Glenn LEWIS (1935 - )
Shigaraki, Japan; c. 2014; 6 1/4” high by 6 1/2” wide.
Ash-glazed lugged jar
$1,500 (CAD)
From the late 1950’s to mid-1960’s several Vancouver potters apprenticed at Bernard Leach's studio in St Ives, Cornwall. At the time, Canada’s West Coast had developed a strong culture of studio ceramics. But, positioned on the West’s very edge, Vancouver still reached back to England to establish aesthetic and cultural roots from which it could grow its own voice.
Glenn Lewis was at St.
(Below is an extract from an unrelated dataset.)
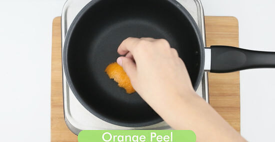Place the aromatics in a medium saucepan. Wash an orange and use a vegetable peeler or paring knife to peel off one 2-inch (5 cm) piece of orange zest. Place the zest in a medium saucepan along with a few fresh gratings or a pinch of nutmeg. Slice 1 vanilla bean in half so you can see the seeds. Take a sharp knife and scrape the seeds out of the bean. Scrape the bean paste into the saucepan. If you don't have vanilla bean, you can add vanilla extract right before you serve the drink.
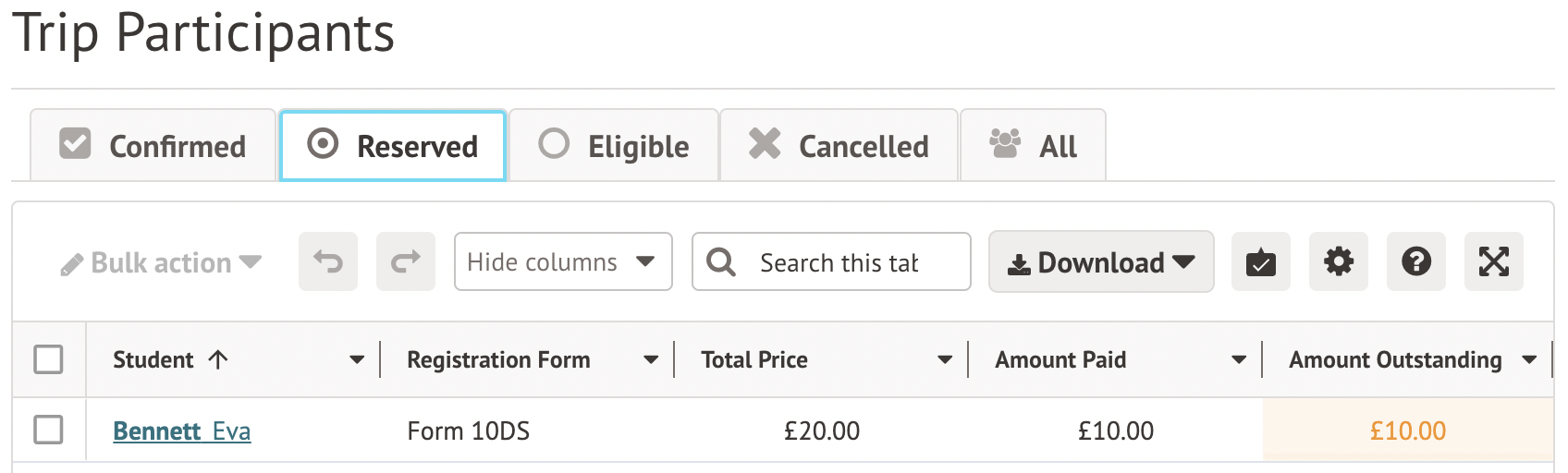 For a paid trip, once you have set up prices, you can sign students up for the trip which also creates an invoice. Top Tip: Students with an invoice will have their name underlined and turned into a hyperlink.

Ives from 1961 to 1963, and while he acknowledges Bernard’s importance in conceiving a studio practice, it was Janet Leach who inspired his actual pot making. Janet had spent time in Japan during the early 1950’s with Shoji Hamada in Mashiko. There she learned the importance of clay itself and the pot’s body, rather than the surface and its decoration, which was Bernard’s preoccupation.
Janet’s practice represented for Glenn an importance amalgam of western and eastern practices. Coming from the West Coast, he saw Vancouver as a hybrid city with feet spanning the Pacific. In 2014, he was given a residency in Shigaraki where he was able to continue exploring this blend of cultures that continues to inspire his practice.
Glenn formed this lugged jar from a light and soft coloured Shigaraki clay. The surface is studded with feldspar inclusions that pebble the surface and make it sparkle in the light. He incised a simple motif of radish and leaves on both sides. And banding along the shoulder and above the foot ground the vegetation in a landscape.
And while there’s a light coating of soft green ash glaze, it really is the clay and soil that are key: the torn edges of jar’s ears and the roughly carved foot let the clay shine. Wood-fired for eight days, the pot’s waving curves and lines celebrate the Shigaraki ware's rough and raw textures.